We can get more details of an iceberg by looking at its metadata tables.

## Partitions
For example, to learn about existing partitions in the table, we can query the `partitions` metadata table

In [None]:
nyc_taxis_tbl.inspect.partitions().to_pandas()

## Files

If we want to see all the data files in the table, we can query the `files` metadata table

In [None]:
nyc_taxis_tbl.inspect.files().to_pandas()

## Snapshots

If we want to look at snapshots of the table, we can query the `snapshots` metadata table.

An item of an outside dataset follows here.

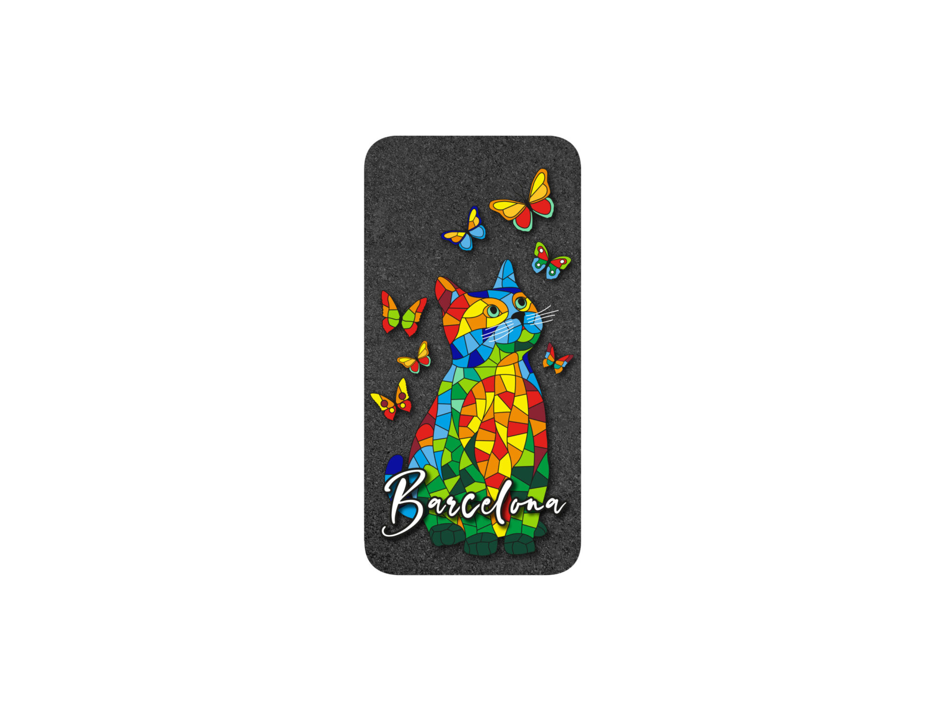 Against an elegant black background, the multicolored butterflies that complement the illustration add a touch of joy and dynamism, making this accessory an excellent souvenir that celebrates Barcelona’s creativity and cultural richness. This product is not only functional but also serves as a charming reminder of the experience lived in this vibrant city. At Olé Mosaic, we offer this case as part of our selection of authentic souvenirs, ideal for tourists looking to take home an artistic representation of their trip. As wholesale case distributors, we guarantee quality and originality in every product, making it a perfect option for tourist gift shops wishing to offer the best of Catalan culture.

Every time when a data change operation happens, Iceberg will form a new snapshot. In this example, we did 3 append and therefore we will have 3 snapshots

In [None]:
nyc_taxis_tbl.inspect.snapshots().to_pandas()

In [None]:
from pyspark.sql import SparkSession

spark = (SparkSession.builder
  .config("spark.sql.extensions", "org.apache.iceberg.spark.extensions.IcebergSparkSessionExtensions")
  .config("spark.sql.catalog.spark_catalog", "org.apache.iceberg.spark.SparkSessionCatalog")
  .config("spark.jars.packages", "org.apache.iceberg:iceberg-spark-runtime-3.5_2.12:1.8.1,org.apache.iceberg:iceberg-aws-bundle:1.8.1")
  .config("spark.sql.catalog.demo.type", "jdbc")
  .config("spark.sql.catalog.demo", "org.apache.iceberg.spark.SparkCatalog")
  .config("spark.sql.catalog.demo.uri", "jdbc:sqlite:///:memory:")
  .config("spark.sql.catalog.demo.warehouse", warehouse)
).getOrCreate()

In [None]:
spark.sql("SELECT ID, tpep_pickup_datetime, fare_amount FROM demo.demo_ns.nyc_taxis LIMIT 5").show()